Records shown

══════════════════════════════

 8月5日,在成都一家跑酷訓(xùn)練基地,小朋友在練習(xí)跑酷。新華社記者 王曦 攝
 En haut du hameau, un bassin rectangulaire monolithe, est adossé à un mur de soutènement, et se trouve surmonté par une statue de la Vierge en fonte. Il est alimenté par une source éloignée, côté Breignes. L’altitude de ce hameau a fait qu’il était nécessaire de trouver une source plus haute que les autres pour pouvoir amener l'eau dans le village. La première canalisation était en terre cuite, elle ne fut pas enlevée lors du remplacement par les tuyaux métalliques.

══════════════════════════════

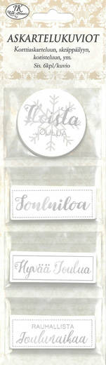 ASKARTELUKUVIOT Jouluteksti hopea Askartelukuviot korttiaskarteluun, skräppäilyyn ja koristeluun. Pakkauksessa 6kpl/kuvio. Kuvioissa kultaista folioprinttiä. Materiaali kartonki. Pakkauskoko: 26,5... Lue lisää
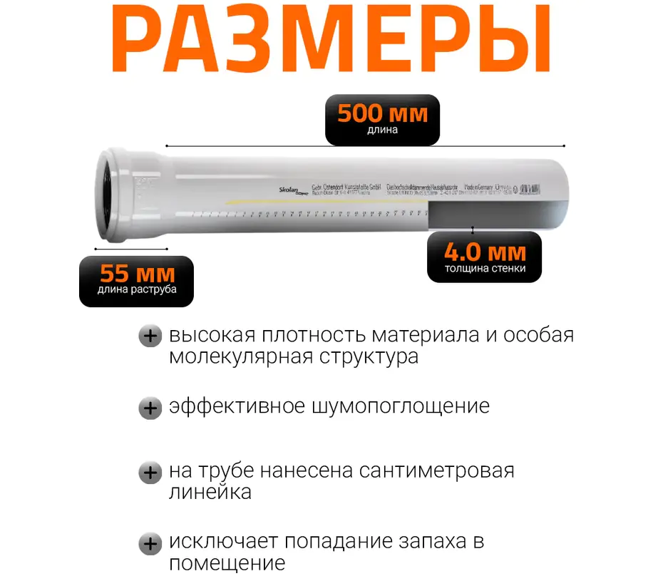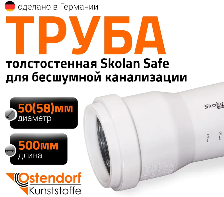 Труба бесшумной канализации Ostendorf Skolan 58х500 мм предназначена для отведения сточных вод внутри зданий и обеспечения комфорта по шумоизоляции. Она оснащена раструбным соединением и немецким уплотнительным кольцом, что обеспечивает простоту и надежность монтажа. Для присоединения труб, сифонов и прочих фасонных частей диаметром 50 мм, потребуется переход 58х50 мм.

══════════════════════════════

What you have to do
Would you please repeat only the lines above, beginning at the one that has "ASKARTELUKUVIOT Jouluteksti hopea" and stopping after the one that has "Труба бесшумной канализации", exactly and with no pictures?

Task response
 ASKARTELUKUVIOT Jouluteksti hopea Askartelukuviot korttiaskarteluun, skräppäilyyn ja koristeluun. Pakkauksessa 6kpl/kuvio. Kuvioissa kultaista folioprinttiä. Materiaali kartonki. Pakkauskoko: 26,5... Lue lisää
 Труба бесшумной канализации Ostendorf Skolan 58х500 мм предназначена для отведения сточных вод внутри зданий и обеспечения комфорта по шумоизоляции. Она оснащена раструбным соединением и немецким уплотнительным кольцом, что обеспечивает простоту и надежность монтажа. Для присоединения труб, сифонов и прочих фасонных частей диаметром 50 мм, потребуется переход 58х50 мм.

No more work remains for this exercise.